Running Samba in a Container

Samba cannot only serve windows shares or act as an domain controller for Microsoft Windows based networks but includes a full AD implementation with proper LDAP support. It takes a small amount of work besides installing Samba in a container to set it up, so we have two small shell scripts for setup and launch in a container. I think most of the Dockerfile and scripts should be self-explanatory and straightforward:

Dockerfile:

FROM ubuntu:20.04

RUN DEBIAN_FRONTEND=noninteractive apt-get update && DEBIAN_FRONTEND=noninteractive apt-get -y install samba krb5-config winbind smbclient 
RUN DEBIAN_FRONTEND=noninteractive apt-get update && DEBIAN_FRONTEND=noninteractive apt-get -y install iproute2
RUN DEBIAN_FRONTEND=noninteractive apt-get update && DEBIAN_FRONTEND=noninteractive apt-get -y install openssl
RUN DEBIAN_FRONTEND=noninteractive apt-get update && DEBIAN_FRONTEND=noninteractive apt-get -y install vim

RUN rm /etc/krb5.conf
RUN mkdir -p /opt/ad-scripts

WORKDIR /opt/ad-scripts

CMD chmod +x *.sh && ./samba-ad-setup.sh && ./samba-ad-run.sh

samba-ad-setup.sh:

#!/bin/bash

set -e

info () {
    echo "[INFO] $@"
}

info "Running setup"

# Check if samba is setup
[ -f /var/lib/samba/.setup ] && info "Already setup..." && exit 0

info "Provisioning domain controller..."

info "Given admin password: ${SMB_ADMIN_PASSWORD}"

rm /etc/samba/smb.conf

samba-tool domain provision\
 --server-role=dc\
 --use-rfc2307\
 --dns-backend=SAMBA_INTERNAL\
 --realm=`hostname`\
 --domain=DEV-AD\
 --adminpass=${SMB_ADMIN_PASSWORD}

mv /etc/samba/smb.conf /var/lib/samba/private/smb.conf

touch /var/lib/samba/.setup

Using samba-ad-run.sh we start samba directly instead of running it as a service which you would do outside a container:

#!/bin/bash

set -e

[ -f /var/lib/samba/.setup ] || {
    >&2 echo "[ERROR] Samba is not setup yet, which should happen automatically. Look for errors!"
    exit 127
}

samba -i -s /var/lib/samba/private/smb.conf

With the scripts and the Dockerfile in place you can simply build the container image using a command like

docker build -t dev-ad -f Dockerfile .

We then run it like follows and use the local mounts to preserve the data in the AD we will be using for testing and toying around:

 docker run --name dev-ad --hostname ldap.schneide.dev --privileged -p 636:636 -e SMB_ADMIN_PASSWORD=admin123! -v $PWD/:/opt/ad-scripts -v $PWD/samba-data:/var/lib/samba dev-ad

To have everything running seamlessly you should add the specified hostname – ldap.schneide.dev in our example – to /etc/hosts so that all tools work as expected and like it was a real AD host somewhere.

Testing our setup

Now of course you may want to check if your development AD works as expected and maybe add some groups and users which you need for your implementation to work.
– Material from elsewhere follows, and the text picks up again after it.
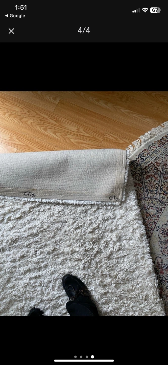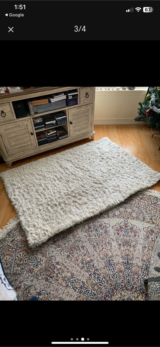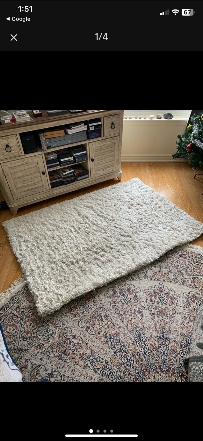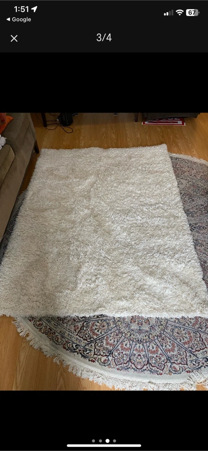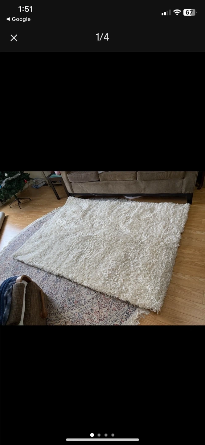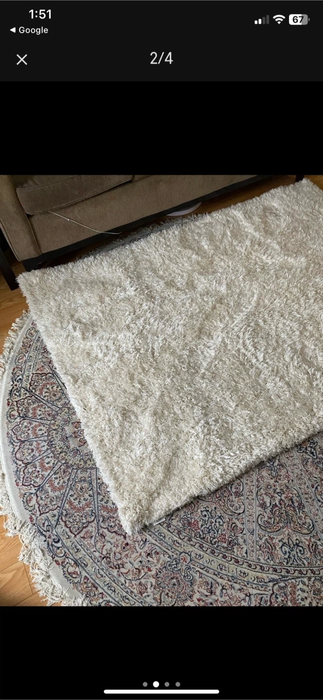 White shag area rug. Soft and plush texture. Adds warmth and comfort to any room. Was used in staging for home sales. 1 4 x 6 and 1- 5 x 7 - no pets or smoke. Great condition. Your choice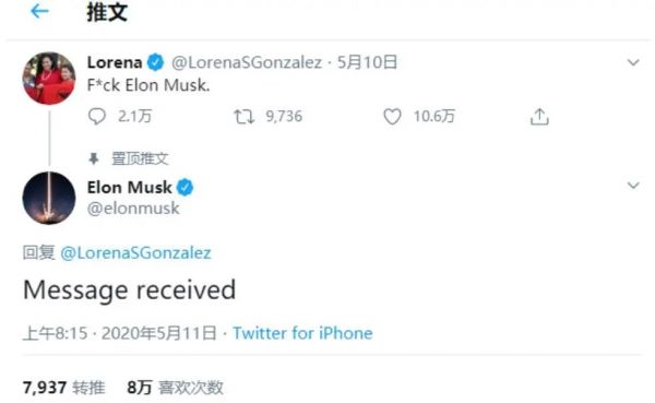 措辞锋利,丝毫没有掩饰内心的不满之情。马斯克在线硬刚政府的行为就连已经离职的前政府职员都看不下去了。一位曾是加州劳工领袖的女士 Lorena 公开发文「F***马斯克」,当然马斯克也不忘礼貌的回应。

While there are a bunch of tools for working with an AD/LDAP I found the old and sturdy LdapAdmin the easiest and most straightforward to use. It comes as one self-contained executable file (downloadable from Sourceforge) ready to use without installation or other hassles.

After getting the container and LdapAdmin up and running and logging in you should see something like this below:

LdapAdmin Window showing our Samba AD

Then you can browse and edit your active directory to fit your needs allowing you to develop your authentication and authorization module based on LDAP.

I hope you found the above useful for you development setup.